Any help is greatly appreciated!


----------



## hoyin007 (Dec 7, 2011)

If you try it on same PC and works with proxy server, most likely somewhere been set IP block. It's either remote web site decline certain IP or your ISP decline traffic go to that IP. Contact your ISP 1st for the matter.


----------



## Wand3r3r (Sep 17, 2010)

Wow. Belgium to Seattle, Washington USA is a ways.

Might want to email who you are working with in Seattle to make sure someone didn't put a block on international traffic. 

A bunch of us configure our firewalls to block from China and the MidEast/Africa due to hackers.

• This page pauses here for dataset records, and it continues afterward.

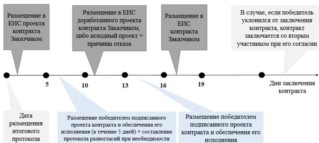
Рис. 2. Этапы подписания контракта в ЕИС после размещения итогового протокола [3]

Весь процесс заключения контракта осуществляется при участии оператора электронной торговой площадки. Если участник, который размещал заказ, уклоняется от подписания государственного контракта, оператором электронной торговой площадки вносится информация в реестр недобросовестных поставщиков об участнике сроком на 2 года. В современных условиях многие подрядчики пребывают в неустойчивом финансовом состоянии и постоянной ценовой борьбе, поэтому очень часто наступает ситуация, когда полный объем обеспечения исполнения контракта и заключение самого контракта не представляется возможным. Именно по этой причине исполнители и подрядчики, которые не предоставили нужные документы или не осуществили другие действия должным образом, заносятся в реестр недобросовестных поставщиков.
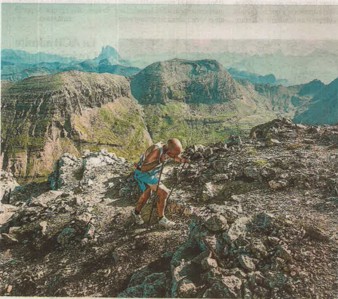
Miguel Caballero, durante el 2KV de Villanúa, donde se hizo con el triunfo.
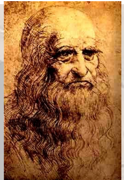
Autoportrait 1512 - 1515

À la fois peintre, sculpteur, architecte, ingénieur et scientifique , ce Florentin est une des grandes figures de la Renaissance . Passionné de connaissance et de recherche scientifique, il a été tout à la fois capable de laisser le tableau le plus célèbre du monde et des « inventions » qui n'ont été menées à bonne fin que quelques siècles plus tard.

Someone may have blocked Belgium accidently which is why the proxy works assuming its not in Belgium


----------



## Doldol (Mar 3, 2011)

Wand3r3r said:


> Wow. Belgium to Seattle, Washington USA is a ways.
> 
> Might want to email who you are working with in Seattle to make sure someone didn't put a block on international traffic.
> 
> A bunch of us configure our firewalls to block from China and the MidEast/Africa due to hackers. Someone may have blocked Belgium accidently which is why the proxy works assuming its not in Belgium


Yup, it's a pretty decent distance, haha.

Well quite ironically, that is my website/server with a shared hosting company. I know I didn't block myself.

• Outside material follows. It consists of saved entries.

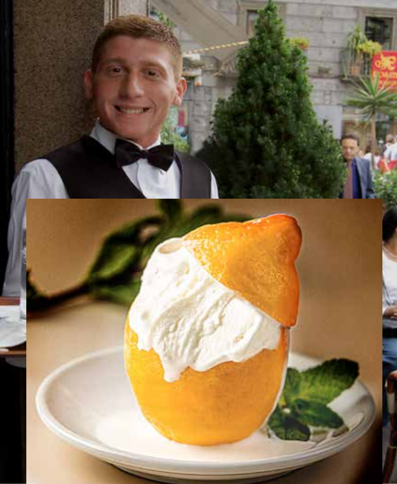
SORBETTO AL LIMONE 295₺ лимонный сорбет
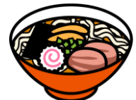
ramen (chinese noodles) ラーメン または チャイニーズ ヌードー

シーン2 あなたの すきな どうぶつは ななに？ ワット エニマル ドウ ユー ライク What animal do you like?
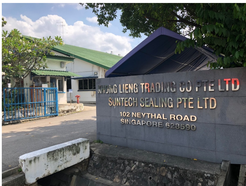
Khong Lieng Trading Company Pte Ltdの外観

KLTグループは、ガスケット製品（パイプや配管の継ぎ目に使用し、内容物の漏れや異物混入を防ぐための固定用シール）を輸入し、シンガポールを中心とした東南アジア各国の製油所、工場、船舶などに加工販売しております。
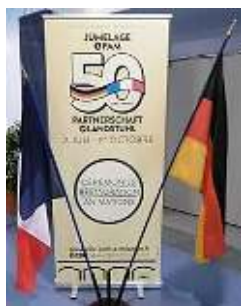
Soirée 2017 le poster du jumelage
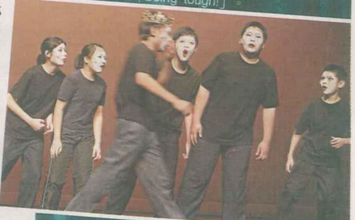
■旅港開平商會中學《Brown Bread & Honey》

As proxy I use Opera Turbo. I know the whole of Belgium isn't IP banned, because I can happily surf my website and access FTP from another location 15km away. After some additional research I know for 90% sure changing my IP would do the trick. But my ISP links the MAC address of a router they install to the IP. My ISP also doesn't change your IP when you ask nicely.

Would contacting my host, and explaining the problem and asking them for help work? Or is there something I could do, like clearing some sort of cache?

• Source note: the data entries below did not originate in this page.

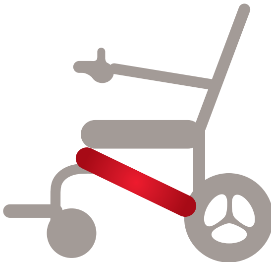
Position Akku ergoflix® L und LX
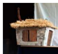
Les étapes de fabrication de la maison
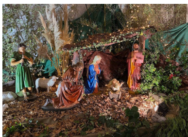
La Crèche de Saint Laud 2023

Selon la tradition, Saint-François d'Assise aurait été le premier à mettre en place une crèche vivante dans le village de Greccio, en Italie, en 1223. A la fin du XVI e siècle, les Jésuites multiplient dans toute la chrétienté les crèches en modèle réduit telles que nous les connaissons aujourd'hui pour servir de catéchèse. Dans sa Lettre apostolique Admirabile Signum, le Pape François conclut : "la crèche fait partie du processus doux et exigeant de la transmission de la foi. Dès l'enfance et ensuite à chaque âge de la vie, elle nous apprend à contempler Jésus, à ressentir l'amour de Dieu pour nous, à vivre et à croire que Dieu est avec nous et que nous sommes avec lui, tous fils et frères grâce à cet Enfant qui est Fils de Dieu et de la Vierge Marie, et à éprouver en cela le bonheur. A l'école de saint François, ouvrons notre cœur à cette grâce simple et laissons surgir de l'émerveillement une humble prière : notre "merci" à Dieu qui a voulu tout partager avec nous afin de ne jamais nous laisser seuls." ( Pour lire toute la lettre : https://www.vatican.va/content/francesco/fr/apost_letters/documents/papa-francesco-lettera-ap_20191201_admirabile-signum.html )
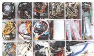
いろいろなサイズのねじや部品を常備し、修理に備える

て、少年の傑作は親に見つかり、元のラジオに戻りましたが、小さな部品が複雑に組み合せて物を作り上げるという奇跡は少年の心に大きな感動を与えました。

Otherwise the only solution I see is to trick my ISP into installing a new router/modem (in 1 device, and yes, that's very annoying to.) Maybe I could buy a modem myself? I have internet via cable, I assume some sort of configuration would be required by my ISP to my modem?

And yes, I am very desperate.

Oh, and thanks for the reply!


----------



## Wand3r3r (Sep 17, 2010)

I would suggest you note the mac address of the router. put that mac on your nic by going to the advanced properties of the nic. Its usually "locally administered address" or "network address" and you can manually enter the mac. Then I would connect directly to the modem and see if you can access your web site.

Point here is to see if its the router blocking.

Fact you can tracert tells me its not firewall or something on your computer blocking.


----------



## Doldol (Mar 3, 2011)

I can't do that, the router and modem are in 1 device. Sadly.


----------



## Wand3r3r (Sep 17, 2010)

ah should have known.

give your isp a call.

what comes after
border9.t8-1-bbnet2.sef.pnap.net 
in your tracert would appear to be the problem.


----------



## Frankec77 (Dec 15, 2011)

you should check the host file and make sure the site is not blocked.


----------



## Doldol (Mar 3, 2011)

Frankecu77 said:


> you should check the host file and make sure the site is not blocked.


I did, it isn't.



Wand3r3r said:


> ah should have known.
> 
> give your isp a call.
> 
> ...


Well I contacted my ISP several times. Most of the people I got on the phone didn't even know what I was talking about and told be to "reset my modem".

When I finally got a manager/supervisor on the phone, something I had been asking for for days, she informed me that there was nothing that they could do. Then when I asked her about resetting my IP she said that that is impossible and that they don't do stuff like that.

Edit: I'm fairly confident that what comes after border9.t8-1-bbnet2.sef.pnap.net is the actual location of my site. Since it is the domain I have to use in my FTP.

Hope this helps.


----------



## hoyin007 (Dec 7, 2011)

I did once has exact same problem with one web site from our client.

The trace route result fail in middle somewhere but we test the exact same thing on different client who use same ISP (but different range of IP), and it works!

So I have sent both trace route result to ISP and they know it's not even their fault, coz the packets left their network boundary successfully.


It might sound make no sense but the web site owner does not even know their ISP block some IP range (which suppose to allow all) by mistake.

You won't have any joy with target web site ISP when raising the problem, you have to convince your ISP talk to them!


----------